-- Goal of the exercise --
Write out the listing from the line with "Zloženie: ibištek, jablko, šípky, pomarančová" to the line with "kwmobile スマホケース Xiaomi", both lines included, exactly and nothing beyond. Leave pictures out.

-- Material supplied --
■ ■ ■ ■
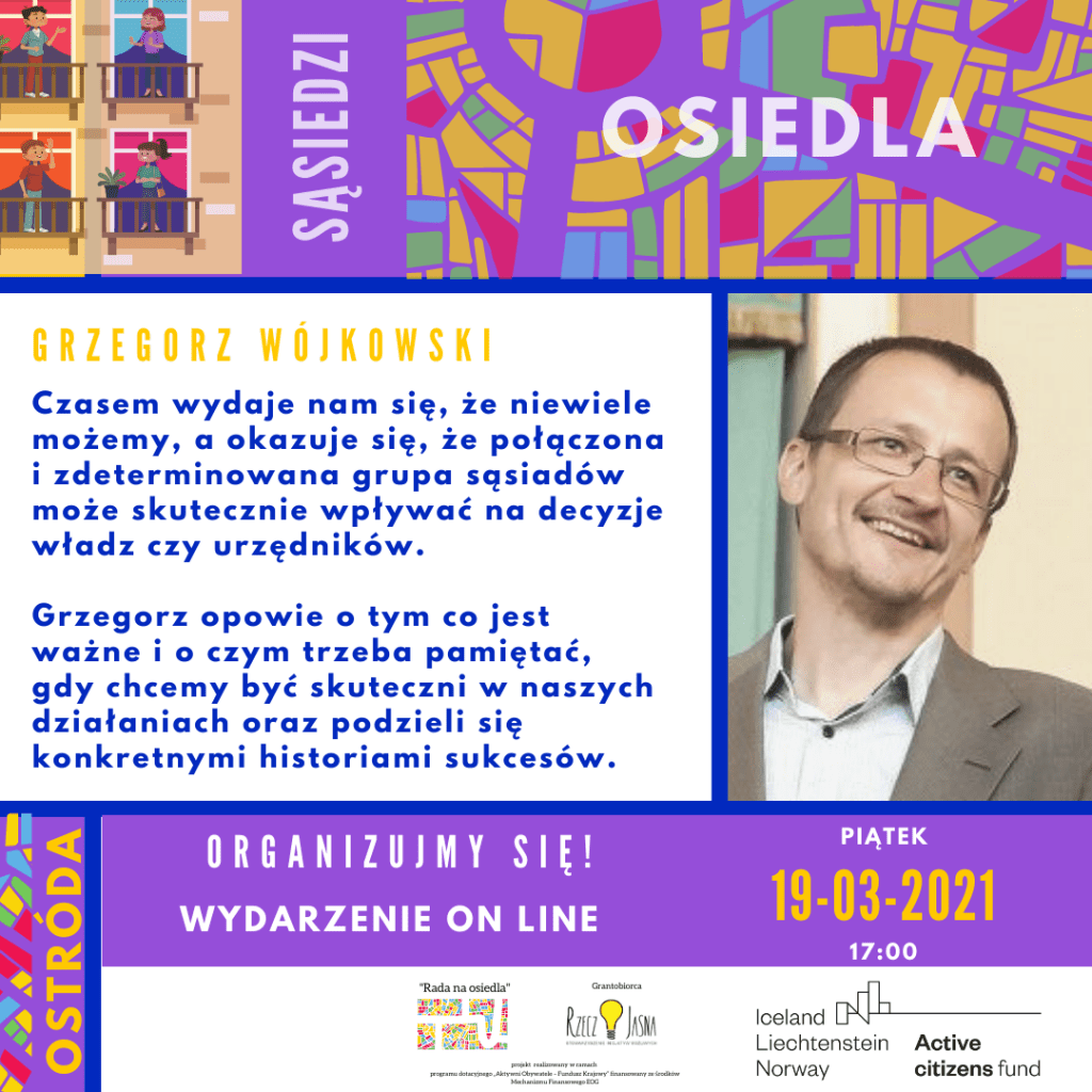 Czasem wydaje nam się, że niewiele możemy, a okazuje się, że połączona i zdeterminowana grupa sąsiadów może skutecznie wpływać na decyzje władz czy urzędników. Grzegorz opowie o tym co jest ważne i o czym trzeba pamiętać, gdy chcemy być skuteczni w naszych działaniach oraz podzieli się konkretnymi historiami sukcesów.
■ ■ ■ ■
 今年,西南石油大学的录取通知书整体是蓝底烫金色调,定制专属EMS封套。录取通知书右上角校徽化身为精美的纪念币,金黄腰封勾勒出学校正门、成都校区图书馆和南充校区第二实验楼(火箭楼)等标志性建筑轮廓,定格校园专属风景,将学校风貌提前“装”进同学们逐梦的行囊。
■ ■ ■ ■
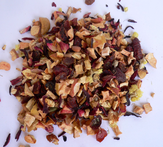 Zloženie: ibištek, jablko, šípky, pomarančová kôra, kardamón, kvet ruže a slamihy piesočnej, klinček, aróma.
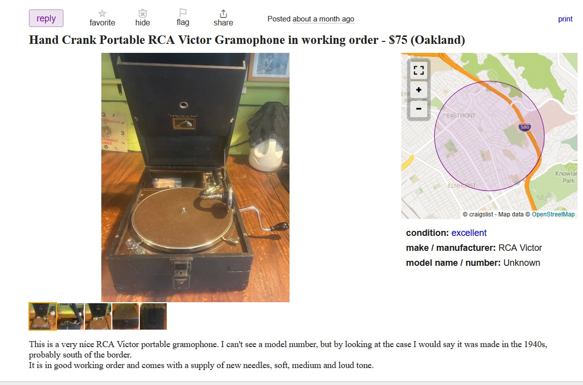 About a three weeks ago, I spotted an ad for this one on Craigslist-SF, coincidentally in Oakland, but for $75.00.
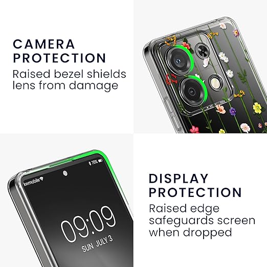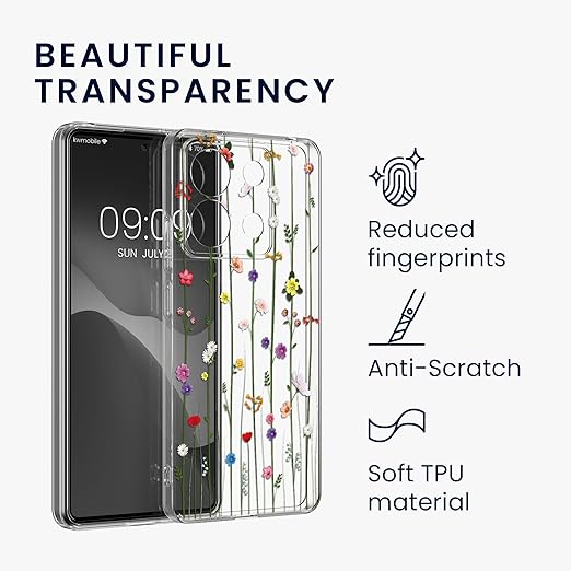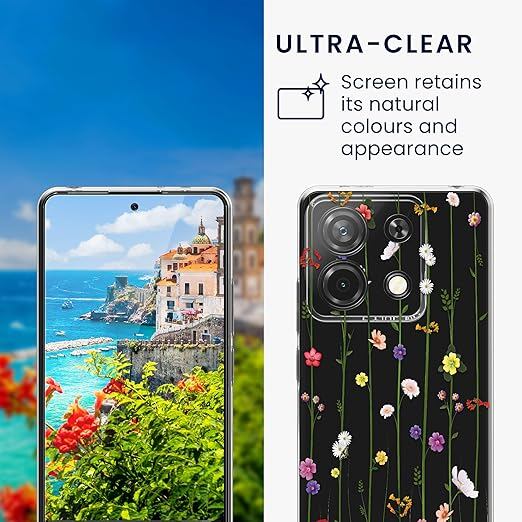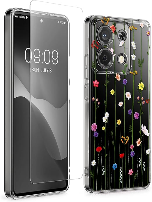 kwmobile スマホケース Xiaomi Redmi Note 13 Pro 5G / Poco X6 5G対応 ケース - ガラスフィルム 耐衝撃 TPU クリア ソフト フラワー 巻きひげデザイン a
■ ■ ■ ■
-- Solution --
 Zloženie: ibištek, jablko, šípky, pomarančová kôra, kardamón, kvet ruže a slamihy piesočnej, klinček, aróma.
 About a three weeks ago, I spotted an ad for this one on Craigslist-SF, coincidentally in Oakland, but for $75.00.
 kwmobile スマホケース Xiaomi Redmi Note 13 Pro 5G / Poco X6 5G対応 ケース - ガラスフィルム 耐衝撃 TPU クリア ソフト フラワー 巻きひげデザイン a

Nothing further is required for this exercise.